Land of Ninja
- Avalon Hill edition, cover by Steve Purcell
- Designers: Bob Charrette; Sandy Petersen;
- Publishers: Avalon Hill; Games Workshop;
- Publication: 1987; 39 years ago
- Genres: Fantasy
- Systems: Basic Role-Playing

= Land of Ninja =

Fantasy tabletop role-playing game supplement

Land of Ninja is a supplement published under license by Avalon Hill in 1987 for Chaosium's fantasy role-playing game RuneQuest.

==Description==
Land of Ninja provides a medieval Japanese setting for RuneQuest called "Nihon". The 1987 Avalon Hill edition was published as a boxed set that contained
- a 72-page book for players titled "Book of the Samurai": Nihon character creation, occupations, skills, religion, magic, travel, samurai, and ninja
- a 32-page book for the gamemaster titled "Book of the World": Nihon civilization, history, and creatures
- a 24-page book of scenarios title "Scenario Book": planning a campaign, two short introductory scenarios, one full-length scenario ("The Hatamoto's Illness)
- a 16-page book titled "Nihon Digest" that contains pre-generated characters for use in the included scenarios.

==Publication history==
Chaosium originally published Runequest in 1978, and quickly followed this with a second edition the following year. Then in an attempt to increase distribution and marketing of Runequest, Chaosium made a deal with Avalon Hill in 1984 to publish the third edition of RuneQuest. Under the agreement, Avalon Hill took ownership of the trademark for RuneQuest, but Chaosium did not include the setting of Glorantha in the license unless the content was either created or approved by Chaosium staff. If Chaosium did not supply Glorantha material, Avalon Hill used either a generic setting called "Fantasy Earth" or and alternative fantasy setting called Gateway.

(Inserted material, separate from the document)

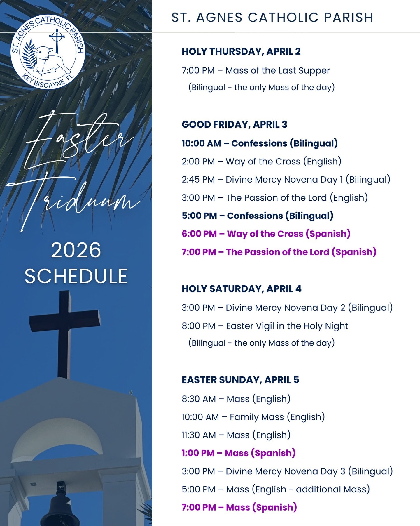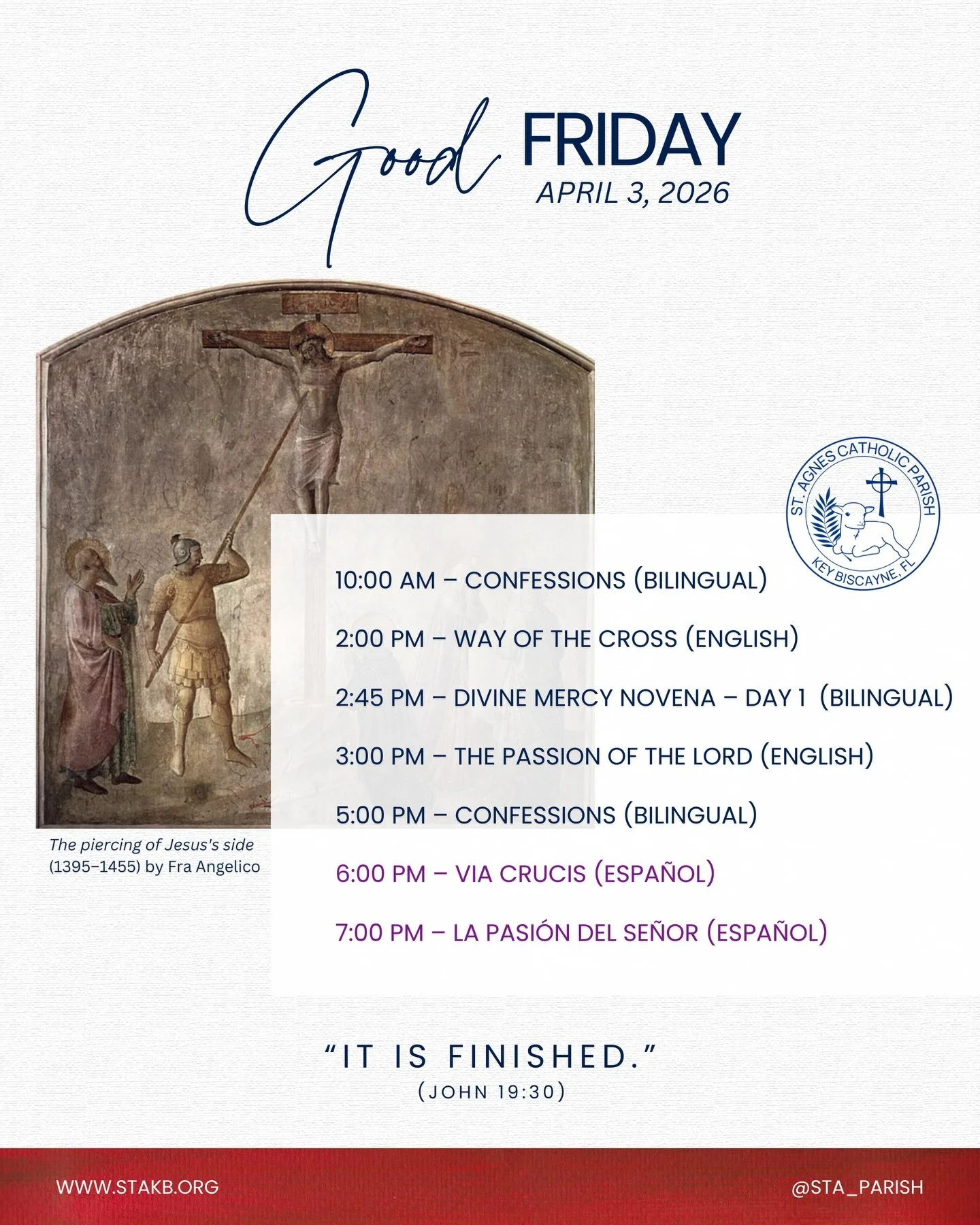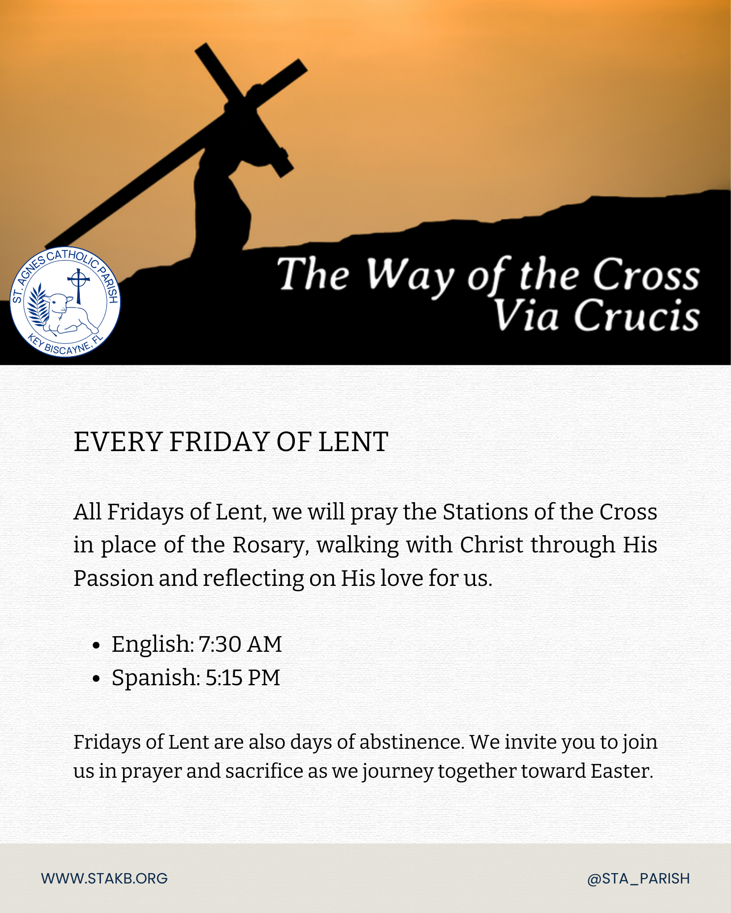 *All Fridays of Lent, we pray the Stations of the Cross instead of the Rosary. At 7:30 AM in English and 5:15 PM in Spanish.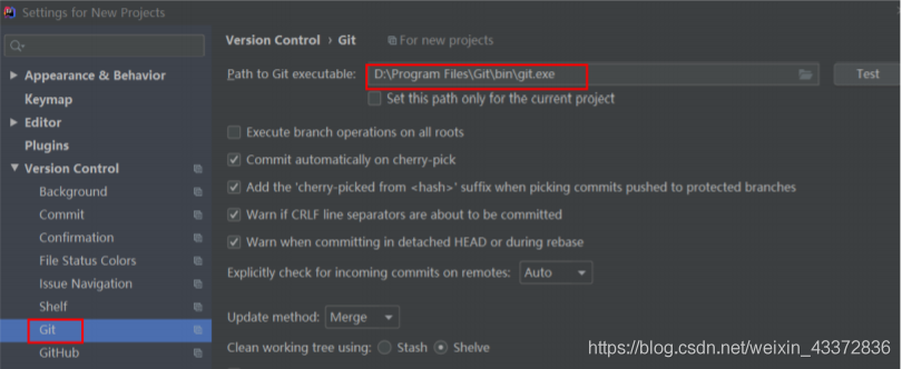 File — Settings---Version Control — Git关联Git安装目录下的

Land of Ninja, a non-Glorantha product set in Avalon Hill's generic "Fantasy Earth", was written by Bob Charrette and Sandy Petersen, with interior art by Kevin Ramos and Katushika Hokusai, and cover art Steve Purcell. It was published in North America by Avalon Hill in 1987. It was also published the same year under license in the U.K. by Games Workshop as a single 144-page hardcover book with the same content and interior art as Avalon Hill's edition, but with cover art by Angus Fieldhouse.

Shannon Appelcline commented that after the third edition of RuneQuest was released in 1984, "Over the next five years, Chaosium acted as creators of RuneQuest material. Glorantha was largely ignored, other than the singular Gods of Glorantha (1985), but Chaosium did create interesting supplements for the new Fantasy Earth background, including Vikings (1985) and Land of Ninja (1987)."

Games Workshop edition, cover by Angus Fieldhouse

==Reception==
In the June 1988 edition of Dragon (#134), Jim Bambra reviewed the Games Workshop hardcover edition published in the U.K., and although he thought the game rules "smoothly transfer the RuneQuest game to Nihon", he did warn that this supplement assumed players already had a good working knowledge of RuneQuest rules. Bambra also pointed out that scenario maps had not been printed in the U.K. edition, which "makes running these adventures difficult, to say the least." He concluded by recommending it to current RuneQuest players, but for those who were new to RuneQuest, he recommended that they start with RuneQuest first and work their way up to Land of Ninja.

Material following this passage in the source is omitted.